POWERPLAY also has an advanced feature which can reduce the LCD refresh rate when the notebook is operated in battery mode.  Given that the LCD is one of the most power hungry components in a laptop this can be quite beneficial.  I asked the ATI about this in our meeting, and the reduced refresh rate is around 50Hz as opposed to the normal 60Hz seen on LCDs.

All of these power saving techniques help the Mobility Radeon 7500 to reach never before seen mobile graphics performance, while accomplishing it at an extremely low power cost.

Memory Interface

The Mobility Radeon 7500 builds on the original Mobility Radeon in providing a powerful and flexible memory interface to notebook manufacturers.  The Mobility Radeon 7500 can support 16MB or 32MB of integrated ram built into the chip (note: this isn't eDRAM, but memory chips built into the same package as the graphics core), as well as discrete memory (off chip) up to 64MB.  There are 3 different primary memory configurations the Mobility Radeon 7500 can work in.  Here's how it breaks down:

Using only discrete memory you can have 16MB to 64MB ram using an external 64bit or 128bit memory interface.  This is known as the "P" variant.

The CSP-16 variant has 16MB internal memory, and an optional 16MB external memory for a total of up to 32MB.  Just using the 16MB internal gives you a 64bit memory interface, while having 16MB internal + 16MB external runs at 128bit.

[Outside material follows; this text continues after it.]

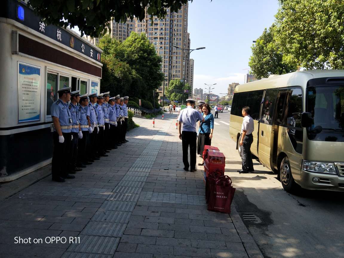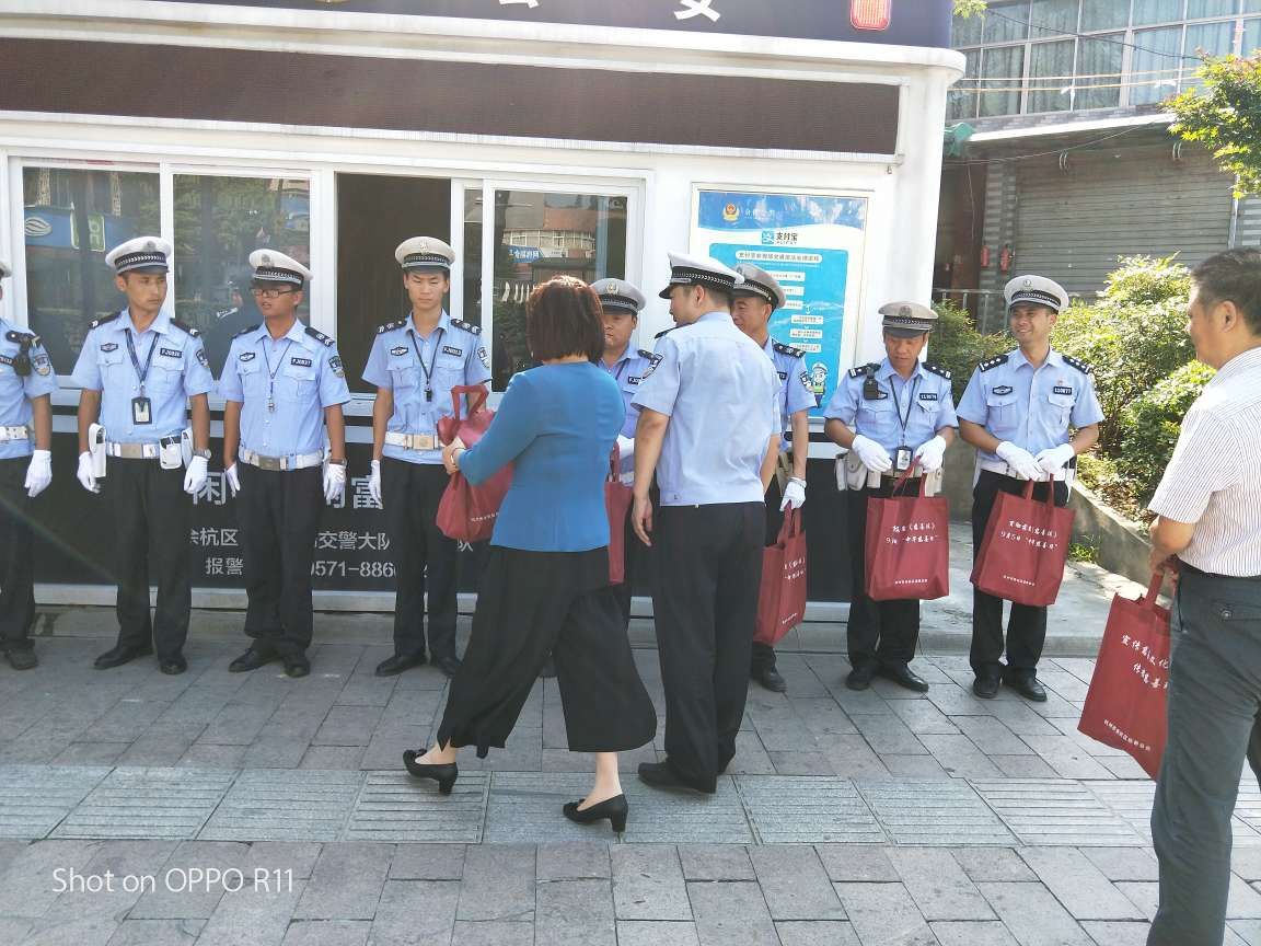 今天下午區(qū)政協(xié)主席阮文靜,區(qū)人大副主任白美玉,副區(qū)長(zhǎng)葛建偉,區(qū)公安分局副局長(zhǎng)徐義峰冒著酷暑來(lái)我閑林街道進(jìn)行“送清涼”慰問(wèn)活動(dòng)。 盛夏時(shí)節(jié),驕陽(yáng)似火,區(qū)政協(xié)主席阮文靜,區(qū)人大副主任白美玉,副區(qū)長(zhǎng)葛建偉,區(qū)公安分局副局長(zhǎng)徐義峰對(duì)頂烈日、戰(zhàn)高溫,始終堅(jiān)持在一線的閑林交通安全工作站的隊(duì)員進(jìn)行了親切慰問(wèn),并對(duì)隊(duì)員們?yōu)樯鐣?huì)做出的貢獻(xiàn)表示感謝,并一一握手親切說(shuō)到“同志們辛苦了”!區(qū)領(lǐng)導(dǎo)對(duì)閑林交通安全工作站隊(duì)員的工作也進(jìn)行了充分的肯定和認(rèn)可,同時(shí)也再三囑咐工作站的隊(duì)員在工作中注意避暑防暑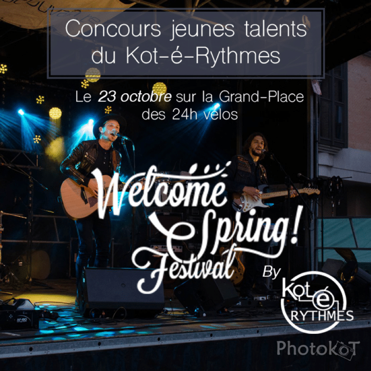 Ce petit concours à l’allure fort professionnelle a pour but de promouvoir nos jeunes talents belges en quête de reconnaissance artistique et musicale. Concrètement, quatre groupes sont sélectionnés et pourront se produire sur la plus grosse scène, celle de la Grand Place, lors des 24h Vélo de Louvain-La-Neuve ! Ils sont ensuite jugés par un jury composé de pointures du monde musical et par un public aux oreilles aiguisées. Les deux meilleurs groupes se produiront en ouverture de scène lors du Welcome Spring! Festival!

The CSP-32 variant has 32MB internal memory, running at 64bit.  Adding the additional 32MB external memory (for a total of 64MB) runs at 128bit.

So, to sum that all up you can have:
  • 128bit memory interface using only discrete memory.
  • 64bit internal + 64bit external = 128bit interface when using integrated and discrete memory in combination
  • or 64bit internal memory interface using exclusively internal memory

The advantage of the flexibility of the memory controller resides in the ability for notebook manufacturers to integrate full 128bit memory configurations while reducing the design complexity.  The flexible memory interface, tied together with the advanced power management features of  POWERPLAY, allows notebook manufacturers to scale the memory and system performance appropriately for the power, cost and performance requirements of mobile computing ranging from value and ultra-portable notebooks to the most powerful desktop replacement machines.